Precautions to prevent or manage cirrhosis include:

Abstain from alcohol: If alcohol is the cause of your cirrhosis.

Get vaccinated against hepatitis A and B: If you are not already immune.

Practice safe sex and avoid sharing needles: To prevent the spread of hepatitis B and C.

Maintain a healthy weight: To prevent or manage NAFLD.

Follow a healthy diet: Low in sodium and rich in fruits, vegetables, and lean protein.

Avoid certain medications: That can further damage the liver, after discussing it with your doctor.

Get regular medical checkups: To monitor the progression of the disease and screen for complications like liver cancer.

Avoid raw shellfish: which can cause serious infections in people with cirrhosis

How long does an outbreak last?


Cirrhosis is not an "outbreak" situation in the typical sense. It's a chronic, progressive condition. The duration of cirrhosis varies greatly from person to person. It can take years or even decades to develop. Once cirrhosis develops, it is usually a lifelong condition that requires ongoing management. Survival depends on the cause of the cirrhosis, the severity of the liver damage, and the overall health of the individual.

How is it diagnosed?


Cirrhosis is diagnosed through a combination of:

Medical history and physical exam: The doctor will ask about your medical history, alcohol consumption, medications, and family history of liver disease.

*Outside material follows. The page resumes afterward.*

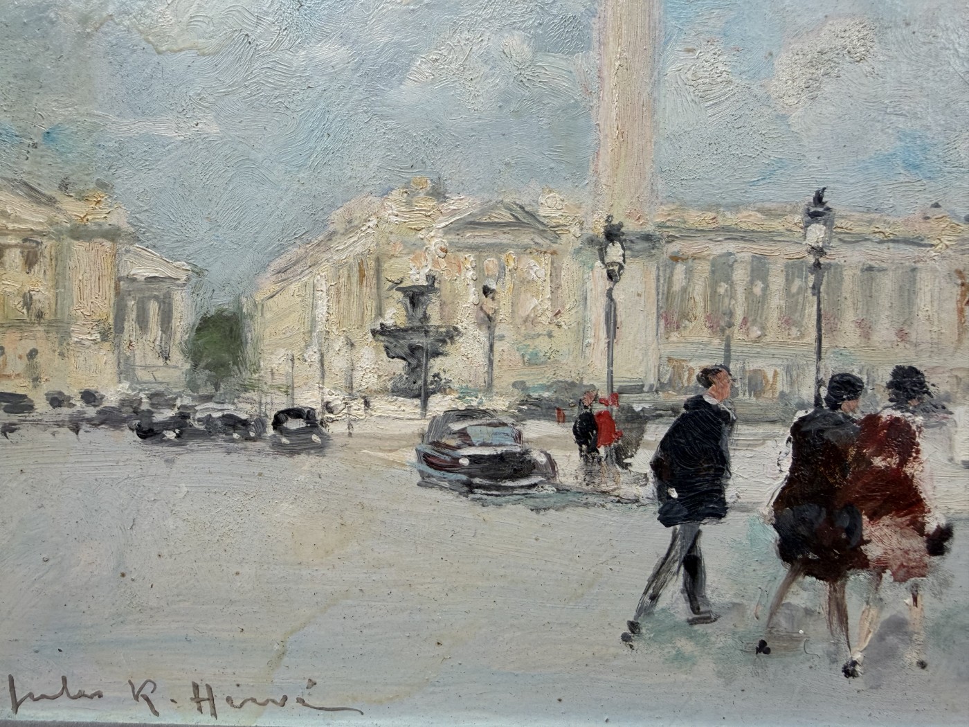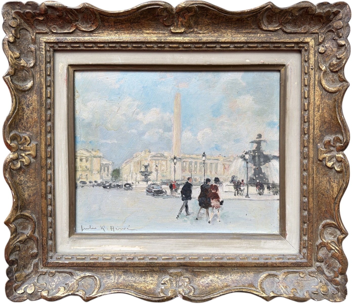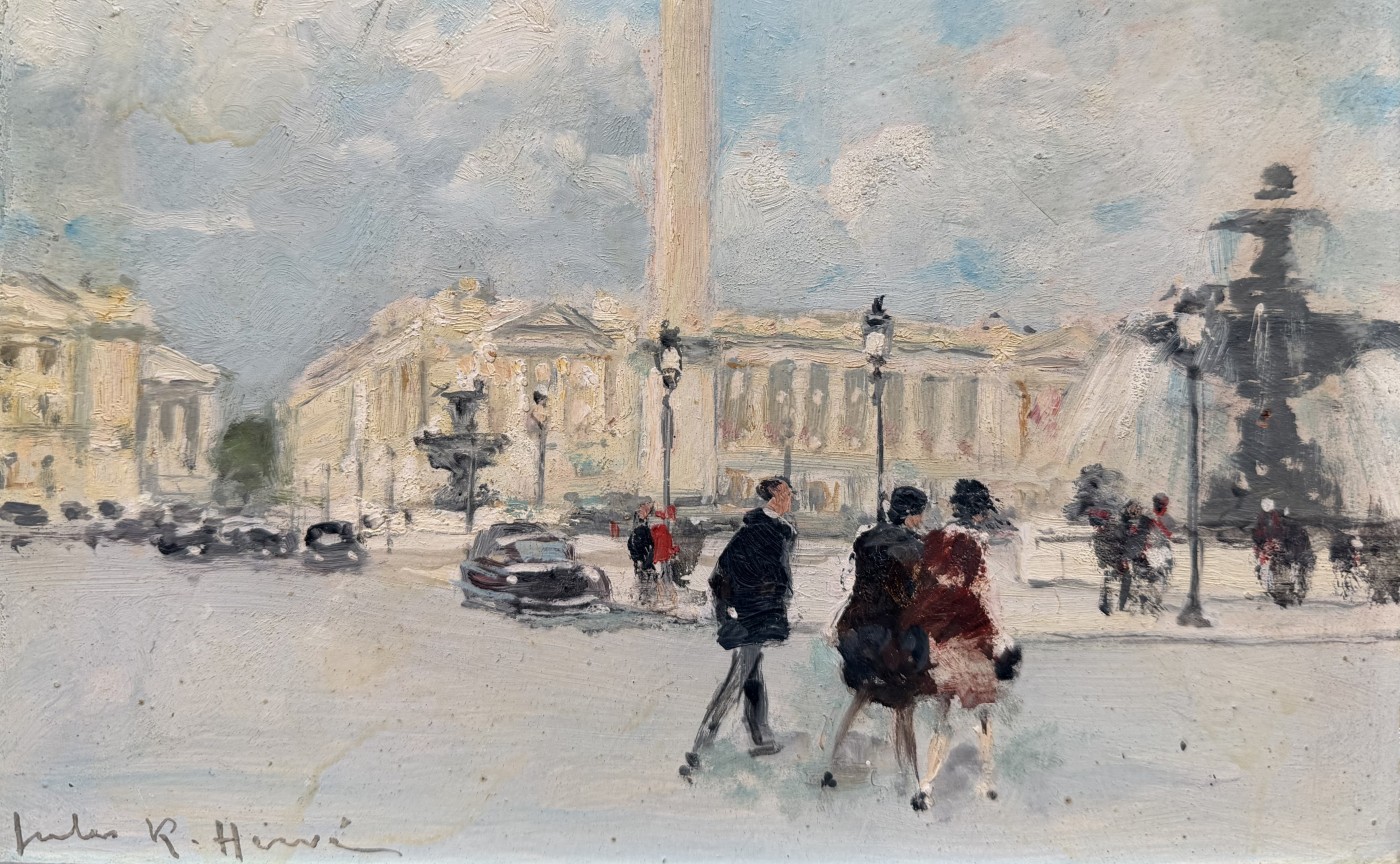 Musées : Annecy , Calais , Casablanca , Chicago , Dijon , Langres , Luxeuil-Les-Bains , Montreal , New York , Paris , Saint-Etienne , Tourcoing , Troyes . Littérature : Bénézit – Dictionnaire des petits maîtres de la peinture par Gérald Schurr et Pierre Cabanne – « Jules rené Hervé un maître enchanteur de la peinture du 20ème siècle » par Bernard Masson – « Le haut du pavé de Langres » par Gérard Gueniot – Le peintre et l’animal en France au 19ème siècle par Elisabeth Hardouin-Fugier – Jules René HERVE, Né à Langres ( Haute-Marne ) en 1887, Mort à Langres en 1981 Peintre de scènes typiques , figures , portraits , paysages . Elève de Fernand Cormon et de Jules Adler , Jules René Hervé s’installe à Paris et commence à exposer au Salon des Artistes Français en 1910 , Jules René Hervé y reçoit une médaille d’argent en 1914 et une médaille d’or en 1925 .Puis Jules René Hervé partage sa vie entre Paris et sa ville natale dont il peint , d’un pinceau léger , expert en petits éclats vifs sur des gris ou des ocres habilement répartis , les évènements humbles et pittoresques , les portraits de son austère société à l’existence monotone et feutrée – Mais Jules René Hervé sait tout aussi bien restituer l’atmosphère animée de la vie Parisienne et ses monuments ou les danseuses au foyer de l’Opéra -De ses compositions finement observées émanent de délicats sentiments – Apprécié des amateurs français et étrangers , Jules René Hervé s »est adonné à son art tout au long de sa vie -Jules René Hervé est considéré comme « le dernier des impressionnistes »

Blood tests: Liver function tests, complete blood count (CBC), and tests for viral hepatitis and autoimmune antibodies.

Imaging studies: Ultrasound, CT scan, or MRI of the liver to assess the size, shape, and texture of the liver and to look for signs of complications like ascites or liver cancer.

Liver biopsy: A small sample of liver tissue is removed and examined under a microscope to confirm the diagnosis and assess the severity of the damage.

FibroScan: A noninvasive test that measures the stiffness of the liver, which can indicate the presence and severity of fibrosis.

Timeline of Symptoms


The timeline of symptoms in cirrhosis can vary widely.

Early stages: Many people have no symptoms.

As the disease progresses (months to years): Fatigue, weakness, loss of appetite, and mild abdominal discomfort may develop.

Later stages: Jaundice, edema, ascites, easy bruising, hepatic encephalopathy, and other complications may occur. The progression can be gradual or rapid, depending on the cause of the cirrhosis and the individual's overall health.

Important Considerations


Early detection and treatment of the underlying cause are crucial to slowing the progression of cirrhosis.

Cirrhosis increases the risk of liver cancer, so regular screening is important.

Liver transplantation may be an option for people with severe cirrhosis and liver failure.

Lifestyle changes, such as abstaining from alcohol and maintaining a healthy weight, are essential for managing the disease.

Individuals with cirrhosis should consult with a hepatologist (liver specialist) for optimal care and management.

Complications: Portal hypertension, esophageal varices, ascites, spontaneous bacterial peritonitis, hepatic encephalopathy, hepatorenal syndrome, liver cancer.